Sponsors must provide robust documentation, including investigator qualifications, site descriptions, IEC reviews, and informed consent processes.
Recommendations
Ensure clinical investigations adhere to GCP standards, including IEC review and informed consent, for all OUS clinical data submitted to FDA.
Include detailed supporting information in submissions, such as investigator qualifications, facility descriptions, protocols, and data summaries.
Clearly identify any deviations from GCP and justify how data integrity and subject protection were maintained.
Use FDA’s Pre-Submission Program to discuss potential challenges with GCP compliance or data validation before submission.
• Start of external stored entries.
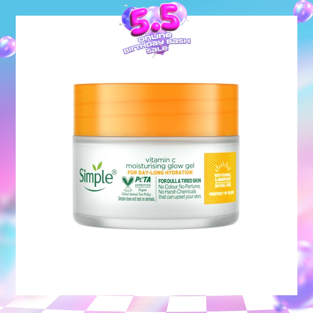 SIMPLE VITAMIN C MOISTURISING GLOW GEL 40g Simple Vitamin C Glow Moisturising Gel is proven to give 72hrs long hydration for soft, smooth, bright, and glowing skin. With exclusive skin conditioning agents and glycerine, this glow gel provides all day hydration to reveal brighter skin.
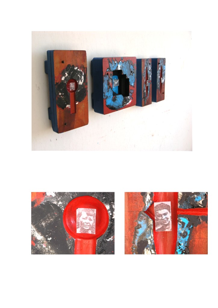 drewno, kalka, akryl, wymiar całości 100 x 30 x 15 cm
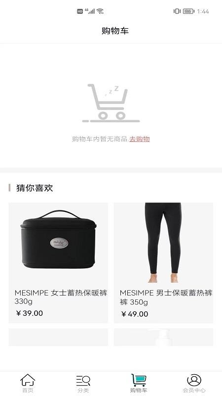 1、打开美信优选商城,在“会员中心”一栏找到并点击“积分商城”按键;
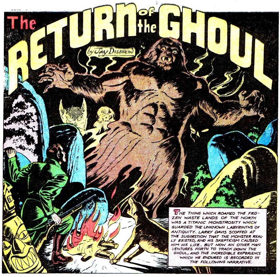 Jay Disbrow was the main artist of horror and monster stories for 'Blue Bolt Weird Tales of Terror', and additionally contributed to the company's other horror titles 'Spook' and 'Ghostly Weird Stories', as well as the parody comic book 'Unsane'. He also contributed to Star's romance titles like 'True-to-Life Romances', 'Popular Teen-Agers' and 'Confessions of Love', and additionally continued to work on jungle heroes, drawing the adventures of Nigah, Taranga and Torga for 'Terrors of the Jungle'. In 1954, Disbrow produced the 'Picturescope Jungle Adventures' book for Star Publications, a black-and-white coloring book and comic starring 'Jahka, Lord of the Jungle', with one large panel on each page simulating a 3-D effect. Following the witch hunt and media scare against horror comics and comic books in general, and the subsequent establishment of the highly restrictive Comics Code, many comic book publishers went out of business, as did Star Publications. The final titles appeared in 1954.
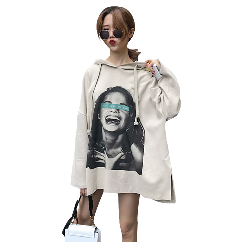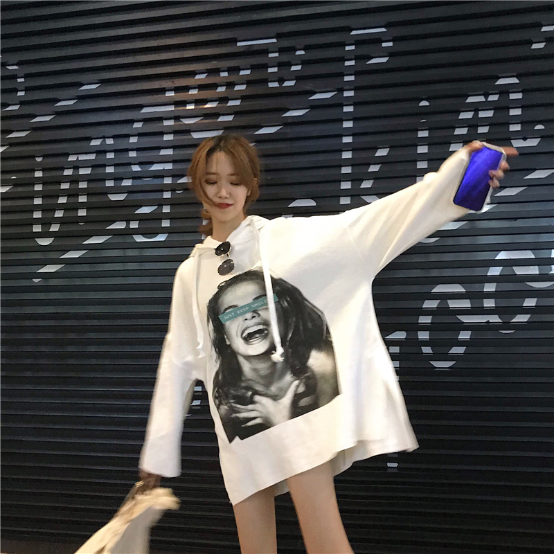 秋季女裝2018新款韓版中長款原宿風寬松復古人物連帽超火衛衣外套
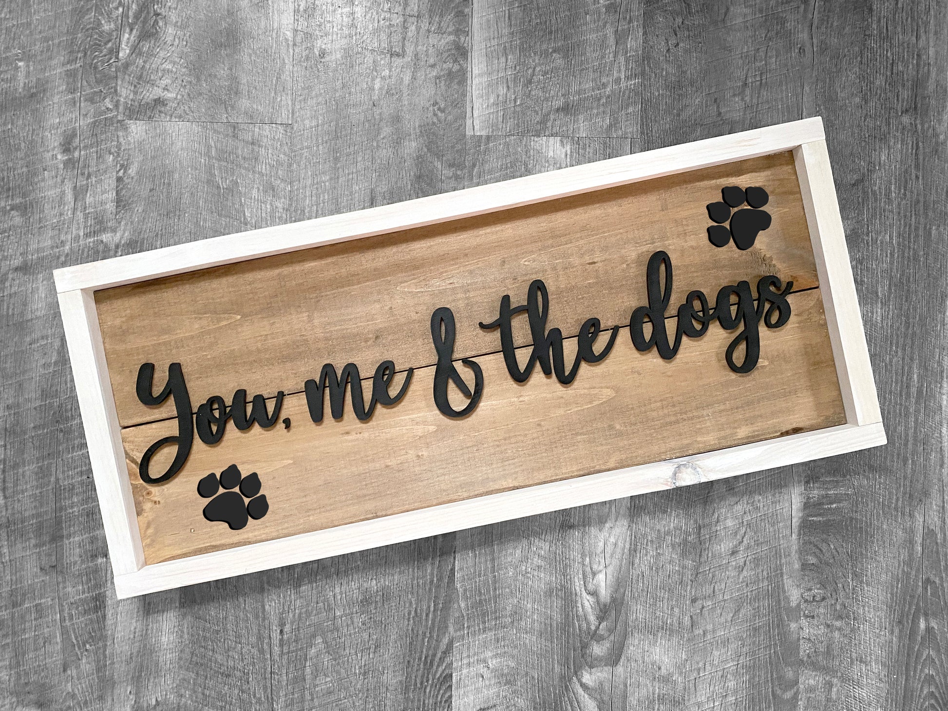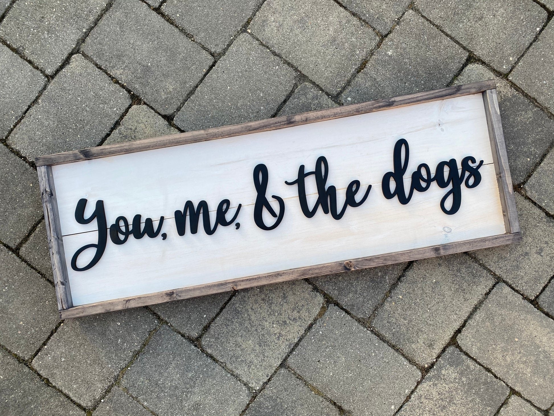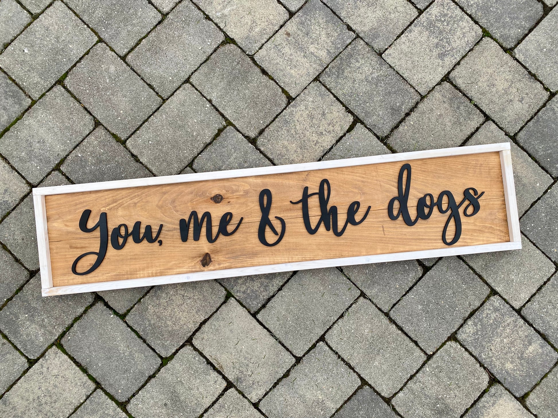 You, Me & The Dogs, Wood 3D Sign, Handmade
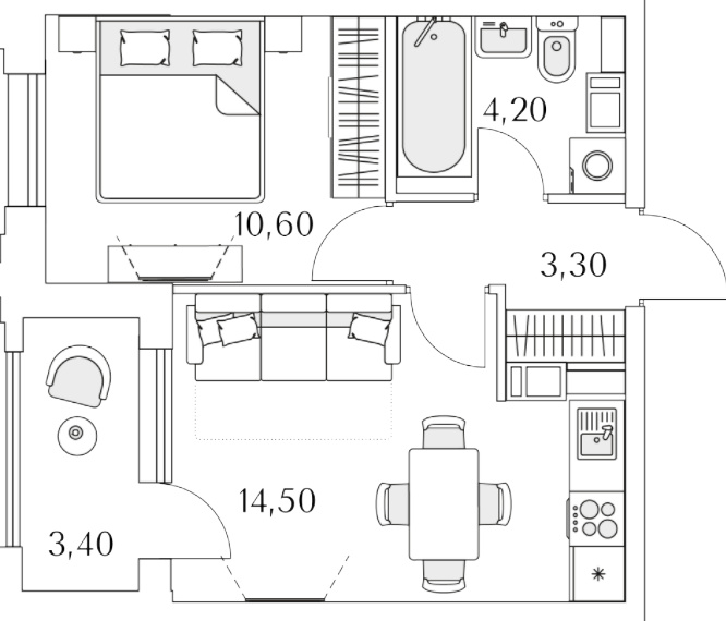 Однокомнатные квартиры (37 квартир, 34 планировки)
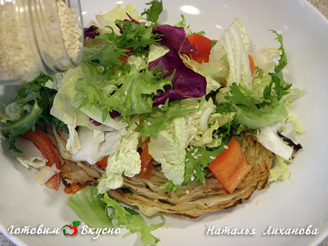 На блюдо выкладываем капусту, сверху листья салата с овощами, добавляем кунжут.
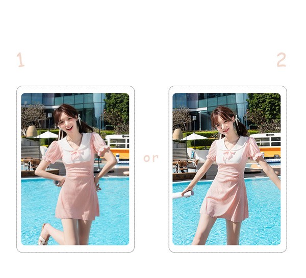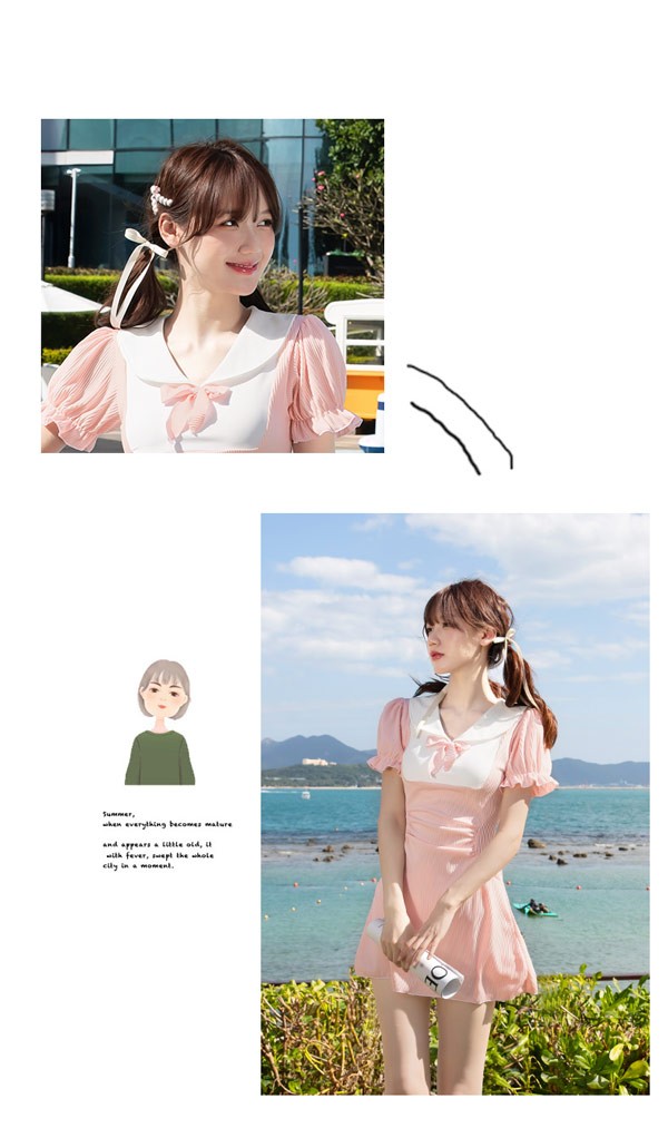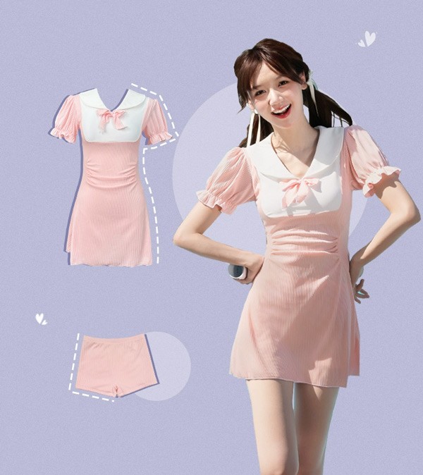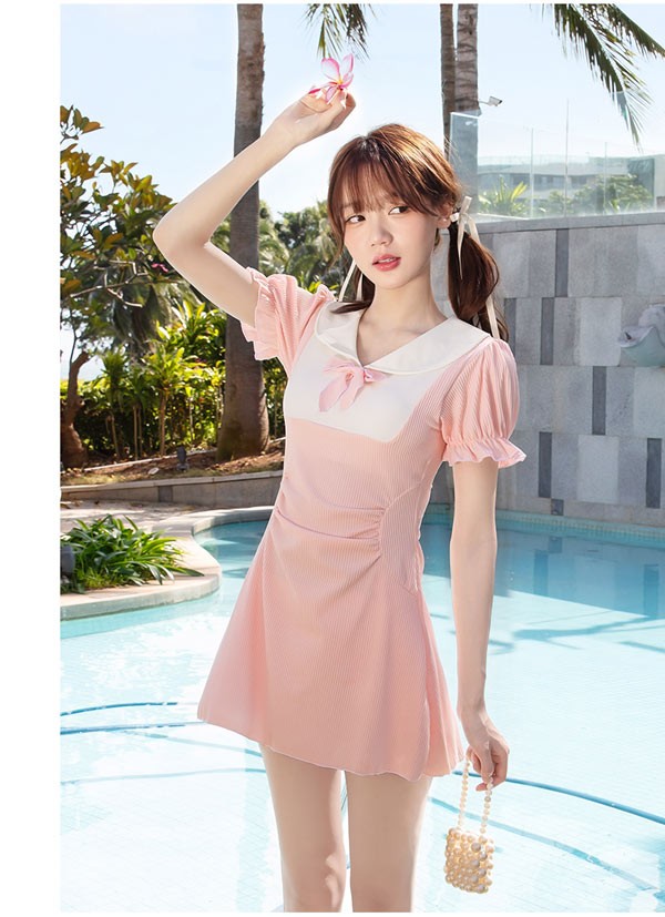 ワンピース水着 服みたいな 制服風 水着 レディース 半袖 リボン ワイヤーなし パッド付 着痩せ パフスリーブ シンプル セクシー 写真映え 撮影用 海 夏 サマー プール リゾート かわいい 旅行 温泉 大人 女性用 ジュニア 学生 女の子 ピンク M L XL 2XL mg893m4m4m5

Retain all required records for at least two years after FDA’s decision on the application or submission.
Regulatory Considerations
FDA evaluates OUS clinical data on a case-by-case basis, considering the adequacy of GCP compliance and supporting documentation.
For significant risk device investigations, sponsors must provide the most comprehensive documentation, while non-significant risk and exempt devices require less detailed information.
Waivers may be granted when justified by public health considerations or when local laws prohibit compliance with specific FDA requirements.
FDA retains the right to inspect clinical sites or review source documents to validate data integrity and compliance with GCP.
Sponsors must ensure that OUS data are valid and relevant to the U.S. population and medical practice.
Some summaries are generated with the help of a large language model; always view the linked primary source of a resource you are interested in.
Advancing the Use of Mobile Technologies in Clinical Trials: Recommendations from the Clinical Trials Transformation Initiative
Advancing the Use of Mobile Technologies in Clinical Trials: Recommendations from the Clinical Trials Transformation Initiative
Widespread use of mobile technologies in clinical trials is impeded by perceived challenges.
Scientific and technical challenges affect decision-making around using mobile technology for data capture.
Concerns include choosing appropriate technology, data collection and analysis, ensuring data authenticity, and designing protocols.
Recommendations
Use CTTI's framework for mobile technology selection to assist sponsors.
Conduct feasibility studies prior to launching trials.
Engage with regulatory authorities early to discuss endpoint appropriateness and validation processes.
Secure data generated by mobile technologies using recommended practical approaches.
Optimize data quality to minimize variability and ensure robust conclusions.
Regulatory Considerations
Engage with the FDA early in the trial design process.
Ensure data integrity and security throughout the data life cycle.
Maintain open dialogue with regulatory authorities regarding trial-specific strategies for data collection and sharing.
Some summaries are generated with the help of a large language model; always view the linked primary source of a resource you are interested in.